Now coming to your question. here, what does it mean by $\partial \phi $ ? It is not a appropriate notation here,because here you wanting to say how $\nabla \phi$ changes as I change $\phi$ a little bit.Now,the problem is,this $\phi$ is not a single variable rather a scalar valued function.So you have to work on variable after variable of $\phi$ and component after component of $\nabla \phi$ (As,now it is a vector valued function) you can't express the whole expression as $$\color{red}{\frac{\partial}{\partial{\phi}} \nabla \phi = \frac{\partial}{\partial{\phi}}(\phi_{x}, \phi_{y},\phi_{z}) = (\phi_{xx}, \phi_{yy},\phi_{zz})}$$ rather.if $$\nabla \phi= \begin{bmatrix} \phi_x \\ \phi_y \\ \phi_z \\ \end{bmatrix} $$ then you should compute $\frac{\partial \phi}{\partial{x}}$ and $\frac{\partial}{\partial{x}}\nabla \phi$ individually.
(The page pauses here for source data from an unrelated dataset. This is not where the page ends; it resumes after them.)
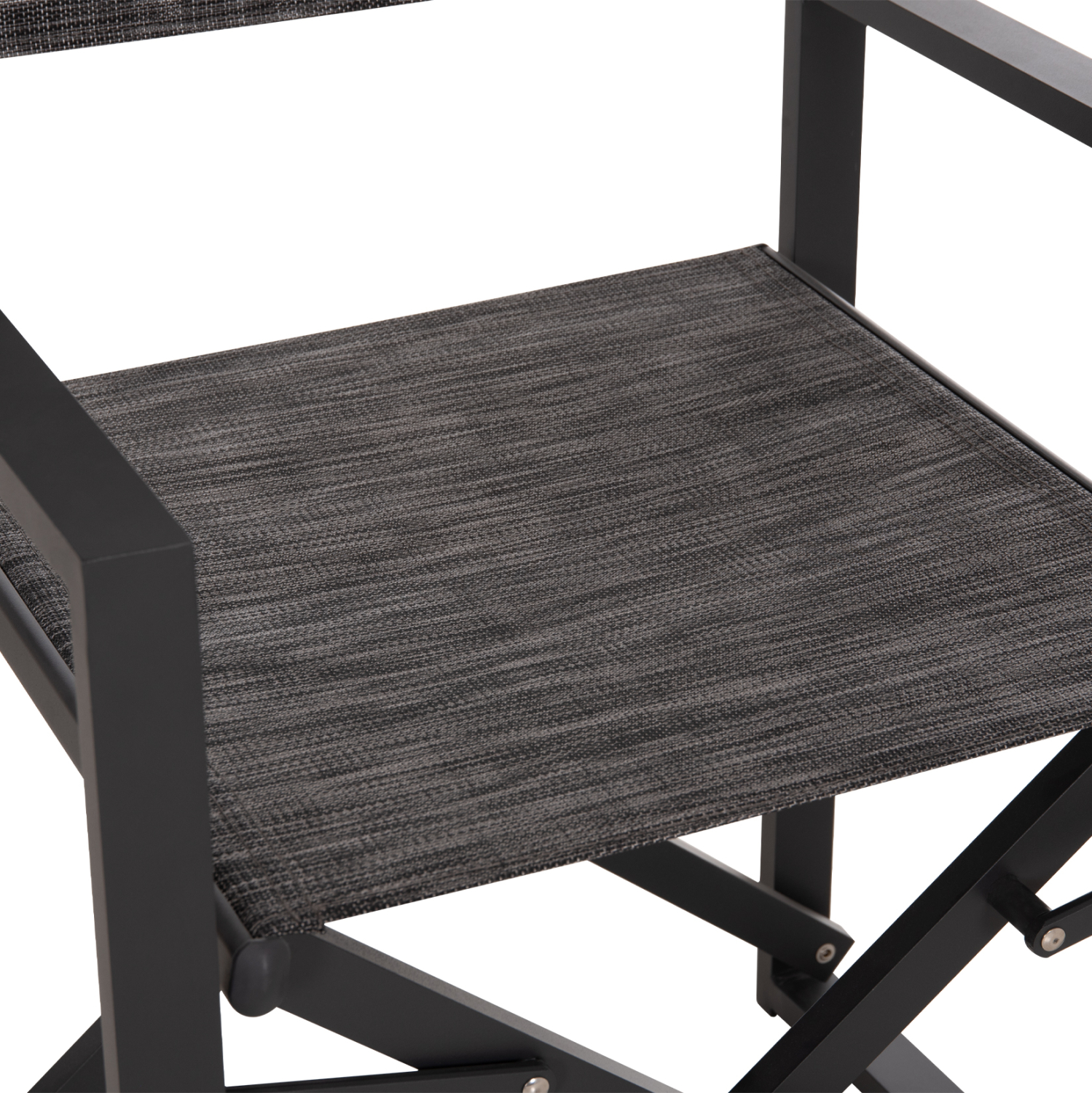 Η επένδυση της πολυθρόνας έχει γίνει με αδιάβροχο ενισχυμένο ύφασμα textilene 2×1. Αυτό είναι ένα παχύ, ισχυρό και ανθεκτικό πολυεστερικό ύφασμα. Σημαίνει ότι είναι κατασκευασμένο από πολυεστερικά νήματα υφασμένα από άκρη σε άκρη, και είναι επικαλυμμένο με PVC.
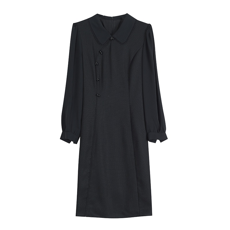 FA41617# 娃娃领黑色连衣裙女秋装新款女装长袖收腰显瘦赫本小黑裙子 服裝批發女裝批發服飾貨源
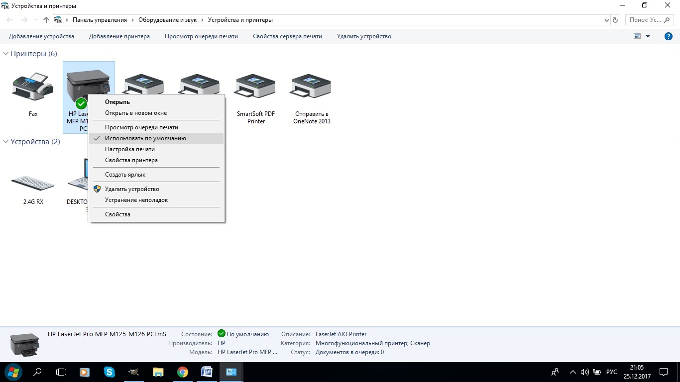 Как убрать галочку у принтера HP "Использовать по умолчанию", чтобы сразу можно было использовать несколько принтеров
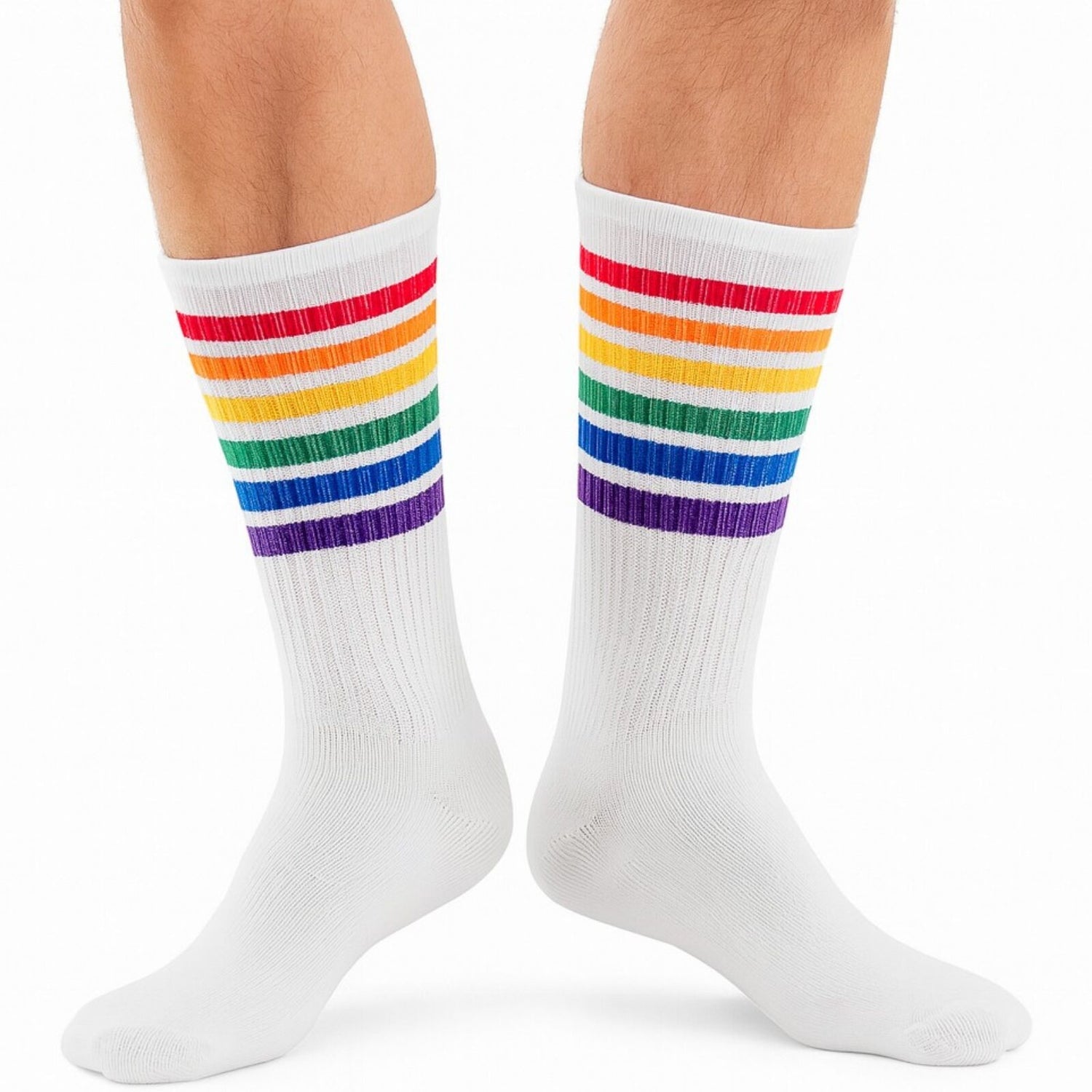 Design: White crew-length socks with a rainbow stripe at the cuff.
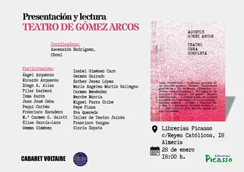 Un agradecimiento especial a la editorial Cabaret Voltaire por ayudarnos con la selección de textos, además de su colaboración y complicidad. También agradecemos a Ascensión Rodríguez, Choni, por su compromiso como coordinadora; a la Universidad Popular Celia Viñas y a todas las personas que nos acompañaréis en la lectura: Ángel Arqueros, Ricardo Arqueros, Diego A. Alías, Pilar Barberá, Inma Barón, Juan José Ceba, Paqui Cortés, Francisco Escudero, M.ª Carmen G. Galott, Elisa García-Lara, Gemma Giménez, Isabel Giménez Caro, Germán Guirado, Esther Jerez López, María Ángeles Martín Gallegos, Carmen Menéndez, Merche Murcia, Miguel Parra Uribe, Pepe Plaza, Eva Quereda, Taller de Teatro Jairán, Francisco Vargas, Gloria Zapata. Gracias a todos y todas por hacer posible este encuentro para recordar y reivindicar la figura de Gómez Arcos.
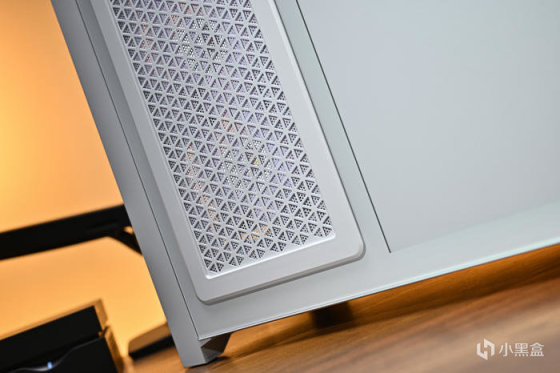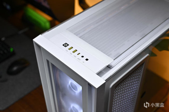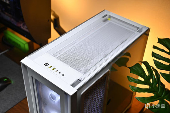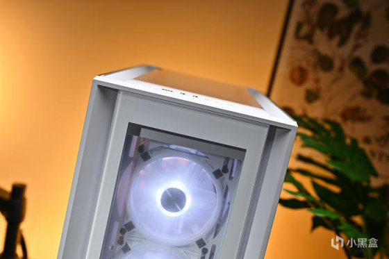 机箱顶部玻璃顶板,可以降低灰尘落入机箱的面积。机箱顶部凹槽式设计,可以顶部给冷排加装一套风扇达到顶部冷排“夹汉堡”的安装方式更高效的冷却冷排,主要这一层的风扇从主板侧看不到,让机箱内部看起来不那么拥挤。
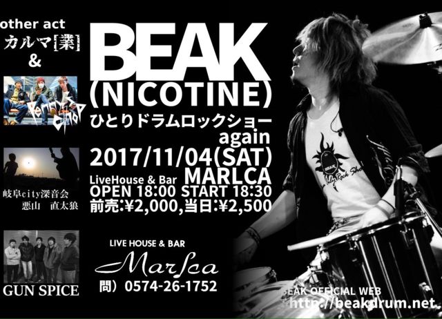 2017年11月4日(土) 美濃加茂Marlca ◆ひとりドラムロックショー again◆ 【出演】 BEAK GUN SPICE penny's chop & カルマ業 岐阜city深音会 悪山直太狼 OPEN18:00/START18:30 ADV:2000yen/DOOR:2500yen (入場時ドリンク代別途必要です) 岐阜city深音会 悪山直太狼は4組中2番目19:15〜の出演予定です 美濃加茂Marlca:岐阜県美濃加茂市太田町2546-6 PIXIE ROUGEの出演はありません http://s.maho.jp/homepage/eb95c4a67d645ad2/
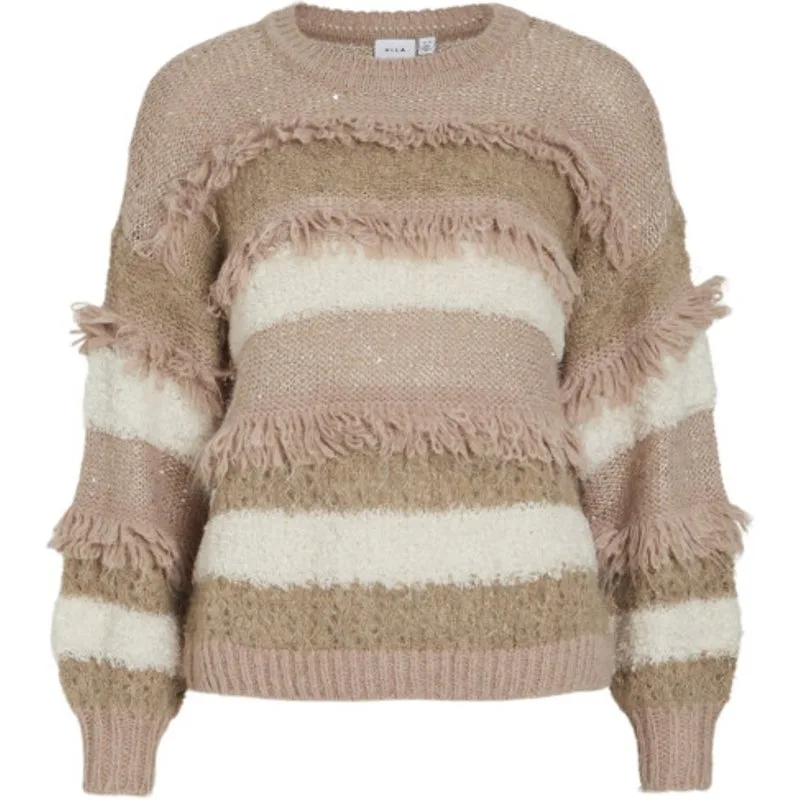 Vila Vituri o-neck ls sequin knit top zand dessin
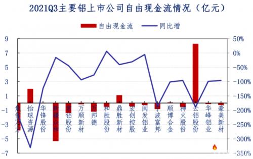 今年以来,铝价过高导致铝加工企业资金流承压。与去年同期相比,今年三季度铝行业上市公司自由现金流大幅减少。调研得知,今年上半年铝价高企给不少铝加工企业造成了亏损,现在铝加工企业大多选择降低库存、不设安全库存等方式进行生产。调研的铝加工企业普遍对铝价持续上涨持悲观态度,也有部分铝企看好价格维稳。
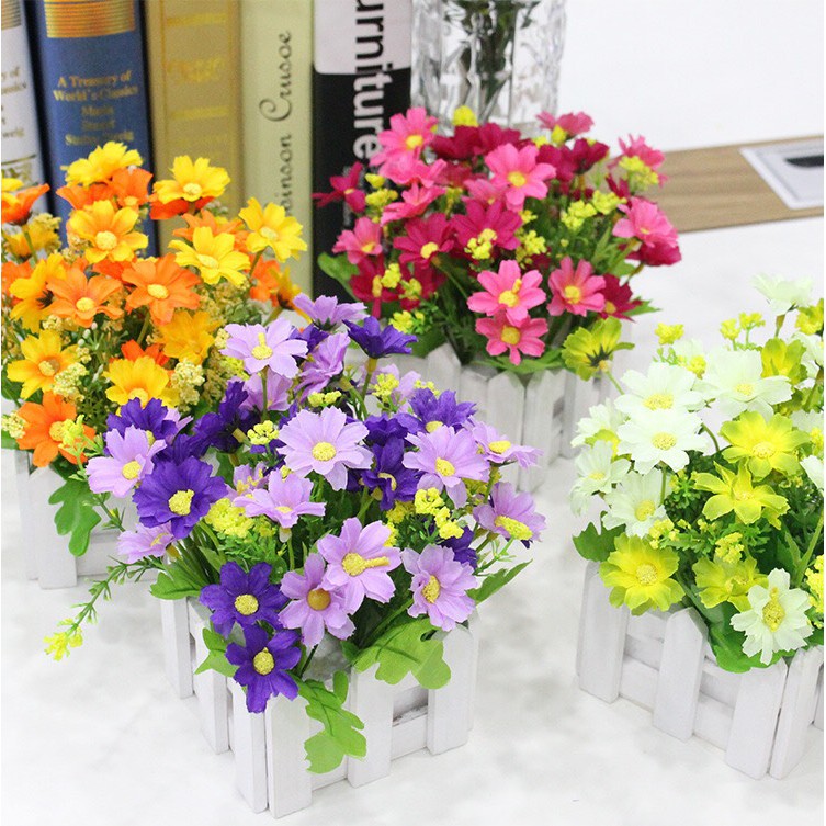 Hoa lụa, giỏ hoa cúc dại xinh tươi cắm sẵn hàng rào gỗ trang trí bàn học, bàn làm việc, kệ tủ 10cm

And finally after dividing them then we may say something like that you want. But that would yields, $$\frac{\partial}{\partial{\phi}} \nabla \phi=\frac{1}{\phi_x} \begin{bmatrix} \phi_{xx} \\ \phi_{yx} \\ \phi_{zx} \\ \end{bmatrix}\text{(differentiating partially with respect to $x$)}$$

But it is not a completed answer though.you have to follow the procedure in respect of y and z also,to get a compact answer.It will be somehow a rigorous computation.